Our first adventure in Pokhara was going to the World Peace Pagoda. It’s at the top of a hill on the other side of Fewa Tal. Most people hire someone to paddle them over in a boat. A man came up to us and said that he had a restaurant across the lake, and if we agreed to eat lunch at his restaurant, he would give us a free ride across. So, we agreed.
At the other side, we started the climb up. It was pretty steep, but we got some nice views along the way. One hour later, we arrived at the top.
There are a handful of little restaurants at the Peace Pagoda, but we had agreed to eat at the one near the bottom, so we headed back down. At one point, Jake and I were ahead of my mom, and we accidentally took a wrong turn. Then, we decided to wait for her, and we got a bit worried when she hadn’t caught up 15 minutes later. So we went back to find her, only to see that we had made a wrong turn! We ran back down to the restaurant, and she was there waiting for us. We ordered a very yummy lunch there. Then, we took a boat back to Lakeside.
The next thing we did in Pokhara was go to the International Mountain Museum. We didn’t have much time there because it was close to closing time, but there were some good exhibits there. One of them compared the mountain people of the Himalaya and the Alps. There were pictures showing that their lifestyles are quite similar, including their houses, the way they carry things and the way they herd animals. It was a very neat comparison! Another exhibit showed the evolution of climbing gear, and displayed the gear that Edmund Hillary and Tenzin Norgay used to summit Everest in 1953. It looked very heavy. But then the museum closed, so we found some things to do outside.

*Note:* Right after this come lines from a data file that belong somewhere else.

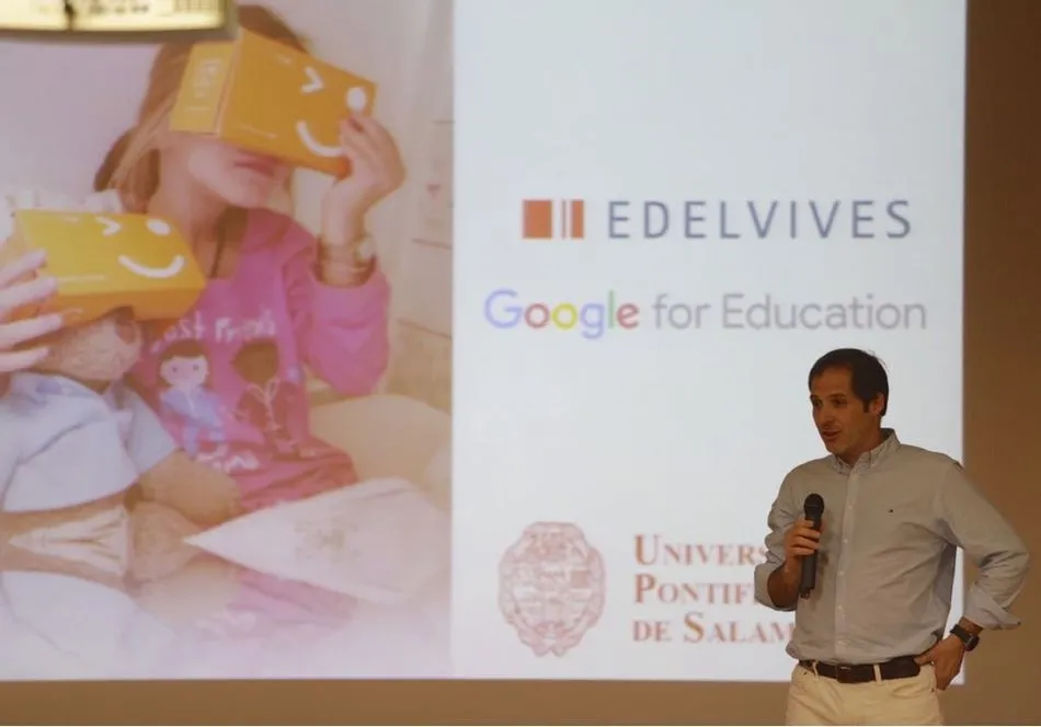 Para finalizar, el director ha presentado los recursos gratuitos para centros educativos que desarrolla Google y en los que colabora Edelvives, como las herramientas de ofimática a nivel educativo como: G Suit, Google Classroom, Expeditions (de realidad virtual), Chromebooks, o Education Programs (que resuelven problemas reales de impacto social).
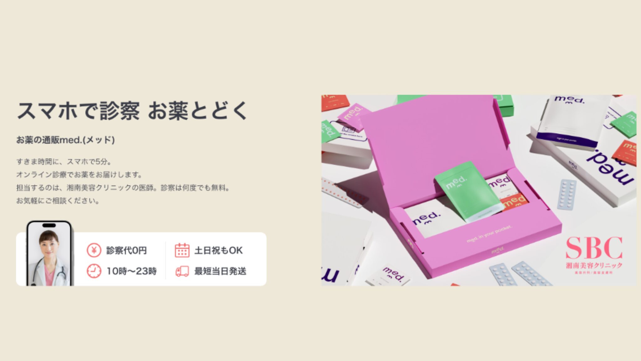 先に結論をお伝えすると、med.(メッド)はSBC湘南美容の医師が診察してくれるので非常に信頼でき、値段も比較的安くて使いやすいサービスだということが分かりました。
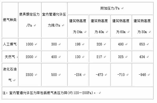 燃氣種類 燃具額定壓力/Pa 室內管道允許壓力降/Pa 附加壓力/Pa 建筑物高度為24m 建筑物高度為40m 建筑物高度為60m 建筑物高度為80m 人工煤氣 1000 300 196 326 490 653 天然氣 2000 400 130 217 325 434 液化石油氣 2800 500 -284 -473 -710 -946 注:室內管道允許壓力降包括燃氣表壓力降(約120~200Pa)。

When we got back to Lakeside, my dad was back! We spent a few more days in Pokhara finding a guide for trekking and getting organized. We always ate at restaurants, because the accommodation didn’t have cooking facilities. The restaurants always had the traditional Nepali food, some western food, and a page with Indian curries. That was where we normally ordered from, the curries. Our favourite restaurants were the Tea Time Bamboostan restaurant and OR2K, and our favourite cafe was Perky Beans.

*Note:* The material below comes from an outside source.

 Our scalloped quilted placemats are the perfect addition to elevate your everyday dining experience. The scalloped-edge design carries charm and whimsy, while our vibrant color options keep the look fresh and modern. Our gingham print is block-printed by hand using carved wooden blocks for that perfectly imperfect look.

Cows are very sacred in Hindu and Buddhist culture, so Nepalis always respect cows. If cows are on the road, drivers will always drive around them very carefully, so cows have learned that the streets are a safe place for them. They don’t care a single bit about the cars around them.
So who owns these cows? Why do they live in big cities? Why do they sleep on the road? We asked a few people these questions, but we still don’t understand.
We headed out on our trek with Prakash, then 10 days later we came back to Pokhara. This time, we stayed at Hotel Khukuri, cheaper than Hotel Fewa because it wasn’t on the lake. It was run by a very nice family.
By far, the very best thing we did in Pokhara was paragliding. Pokhara is one of the best places in the world for paragliding, and it looked absolutely amazing. We first watched it from the Peace Pagoda. Every day, we kept watching the paragliders, and finally, we decided that we just had to do it. Jake and I received money from our uncle Craig before the trip, and we used it to for paragliding.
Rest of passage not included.